Avalanche Biotechnologies said it raised nearly $5.7 million of a hoped-for $6.1 million equity round for the age-related macular degeneration treatment it’s developing.
The Avalanche technology is a drug-delivery system designed to trigger the production of a therapeutic protein by the body’s own cells, creating what the company calls a "Bio-Factory" in the patient’s eye, according to its website.
The funding came from 16 unnamed investors, according to a regulatory filing.
Avalanche uses a virus called adeno-associated virus to induce the production of the protein by removing viral genes from the AAV organism and replacing them with genes that trigger the protein’s production, according to the website.
"AAV can infect a variety of retinal cell types and remain stable, resulting in long-term therapeutic protein expression in a variety of retinal cell types. In clinical studies, AAV appears safe and well-tolerated when injected into the retina," according to the website.
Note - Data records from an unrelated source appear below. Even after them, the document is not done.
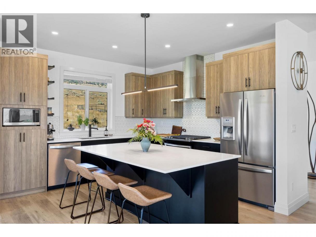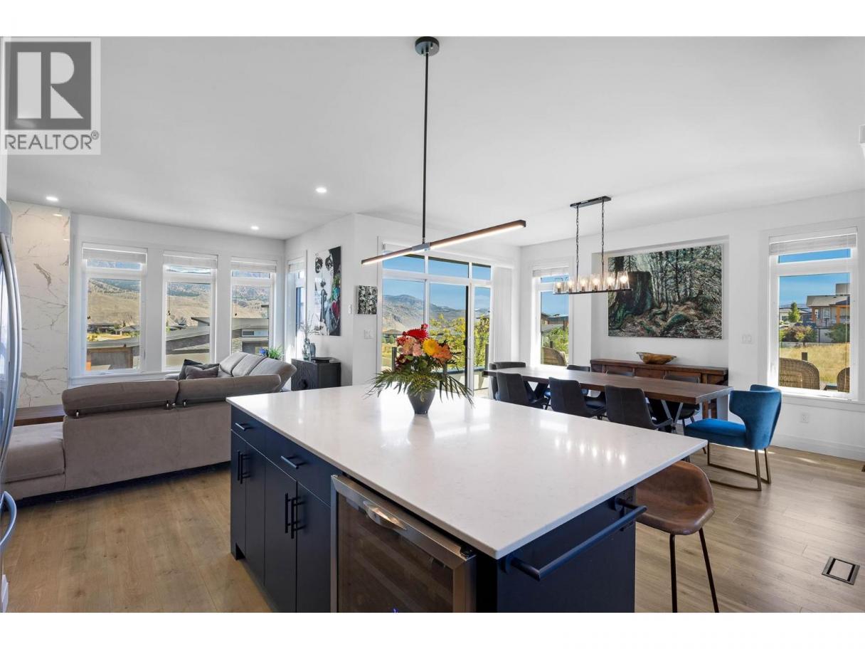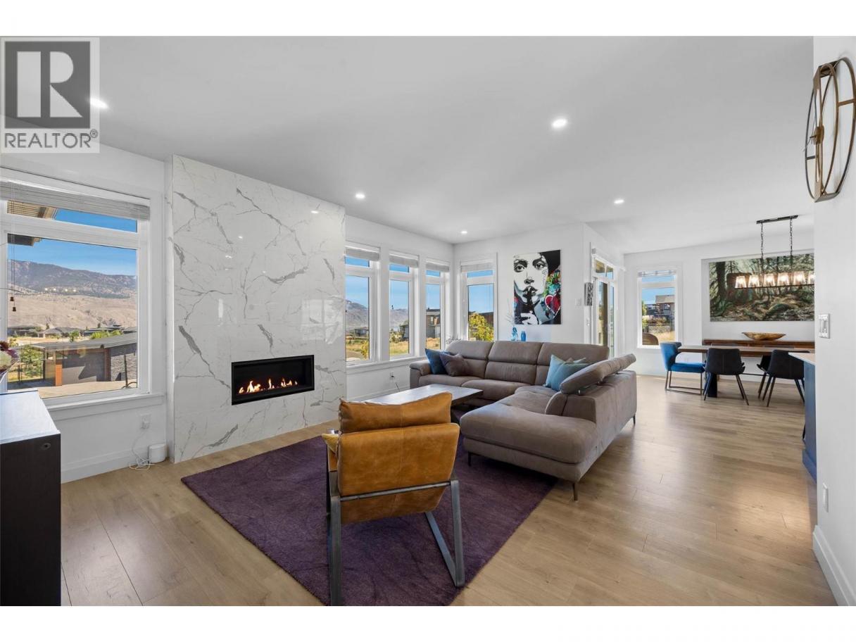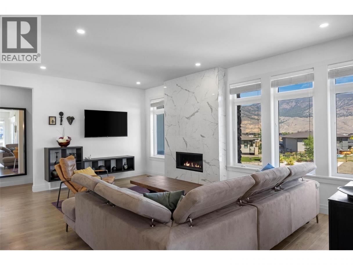 Stunning Luxury Home in Tobiano Resort Community!! Built in 2020, this beautiful basement-entry home offers an exceptional floor plan with 3+2 bedrooms plus a den and 3 bathrooms. Enjoy spacious, light-filled living areas with modern design elements and exceptional craftsmanship throughout. The open-concept gourmet kitchen features high-end appliances, sleek quartz countertops, and stylish finishes, flowing seamlessly into the dining area and great room. A contemporary linear gas fireplace and expansive windows frame breathtaking views, while the covered wrap-around patio extends your living space outdoors. The finished basement includes a large family room, two additional bedrooms, and a versatile artist’s den or home office - perfect for guests or creative pursuits. Situated on a 0.37-acre lot with beautiful landscaping with irrigation and drip lines for hanging baskets. This home showcases beautiful Hardie board siding with cultured stone accents, a spacious double garage, and a long, flat driveway. The private, level backyard is ready for your grand ideas! Located just 5 minutes to Tobiano Golf and Bruker Marina and only 20 minutes to Kamloops. This home is surrounded by nature and world-class recreation, offering an unmatched lifestyle. Experience refined resort living with unparalleled views in every direction - a must-see home! (id:6769)
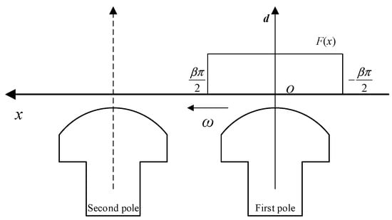 where P is number of pole-pairs and x is the coordinate established on the rotor. Since the rectangular MMF is symmetric to the rotor coordinate d, there is only cosine term in Equation (11). The formula can be changed to
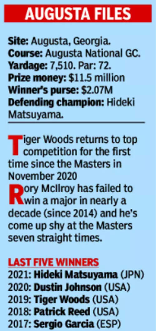 There really is no dearth of story lines: there is Scottie Scheffler, who took just 42 days from racking up his first PGA Tour win to becoming world No.1; there is Rory McIlroy, who since 2014 is trying to add the Green Jacket to complete the collection to join the elite list with a Career Slam; then there is Hideki Matsuyama, who worked so hard to serve the flavours of Japan at the Champions Dinner on Tuesday, while trying to get 100 per cent fit for his title defence. They are all raring to go.
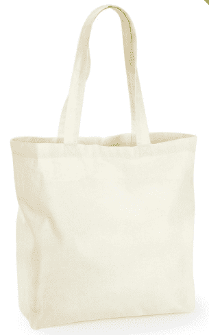 170 g/m², 100% Baumwolle (recycelt), kann in der Hand oder über der Schulter getragen werden, Fassungsvermögen: 18 Liter, Maße: 35x39x13,5 cm
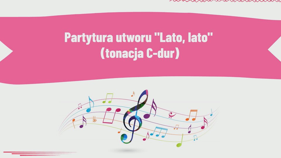 Animacja przedstawia interaktywną partyturę utworu "Lato, lato" (tonacja C‑dur). Plansza tytułowa zawiera tytuł wspomnianego utworu oraz ilustrację, przedstawiającą pięciolinię z kluczem wiolinowym i nutami w różnych kolorach. W trakcie trwania animacji, w synchronizacji ze ścieżką dźwiękową, na pięciolinii pojawiają się kolorowe nuty. Pierwsza partia w systemie to melodia, druga to akompaniament. Metrum utworu to cztery czwarte. Pierwszy takt w linii melodii składa się z dwóch półnut z dźwiękiem g. Następny zawiera ćwierćnutę e i półnutę z kropką z dźwiękiem g. Kolejny takt to półnuta z dźwiękiem a i półnuta z dźwiękiem g. Następny zawiera ćwierćnutę f i półnutę z kropką z dźwiękiem d. Druga linijka partii melodii zaczyna się taktem z dwoma półnutami f. Kolejny takt zawiera ćwierćnutę d i półnutę z kropką z dźwiękiem f. W następnym są dwie półnuty g, f. Dalej ćwierćnuta e i półnuta z kropką z dźwiękiem c. Kolejny takt to dwie półnuty g. Następny to ćwierćnuta e i półnuta z kropką z dźwiękiem g. Trzecia linijka partii melodii rozpoczyna się taktem z dwoma półnutami c, a. W kolejnym takcie jest cała nuta g. Następny składa się z czterech ćwierćnut: f, g, a, f. Przedostatni takt to dwie półnuty: e, c. Ostatni takt składa się z całej nuty z dźwiękiem d. Partia akompaniamentu w pierwszych trzech taktach zawiera po jednej całej nucie z dźwiękiem c. Ostatni takt pierwszej linijki to cała nuta z dźwiękiem f. W drugiej linijce partii akompaniamentu, pierwsze trzy takty zawierają po jednej całej nucie z dźwiękiem f. Trzy kolejne takty zawierają po jednej całej nucie z dźwiękiem c. W ostatniej linijce partia akompaniamentu zawiera kolejno w taktach: całą nutę f, całą nutę c, całą nutę f, całą nutę c, całą nutę g.

In June, a pre-clinical study published in the journal Science Translational Medicine showed that the technique restored vision in mice with retinoschisis and Leber’s congenital amaurosis. And although the product failed to consistently penetrate the deep cell layers of macaque monkey retinas, it did penetrate cells of the fovea, a portion of the retina that’s crucial to sharp detail vision.
"That’s a really important region to protect," lead researcher David Schaffer of the University of California, Berkeley told The Scientist. "For the quality of life of patients who are going blind, if you can at least protect the fovea that would be a huge improvement."
"This is a beautifully planned, executed, and powerfully presented paper,"Jean Bennett, a professor of ophthalmology at the University of Pennsylvania in Philadelphia, told the magazine. "It shows the results of a very clever system to evolve AAV to target cells in the retina efficiently from an intravitreal injection."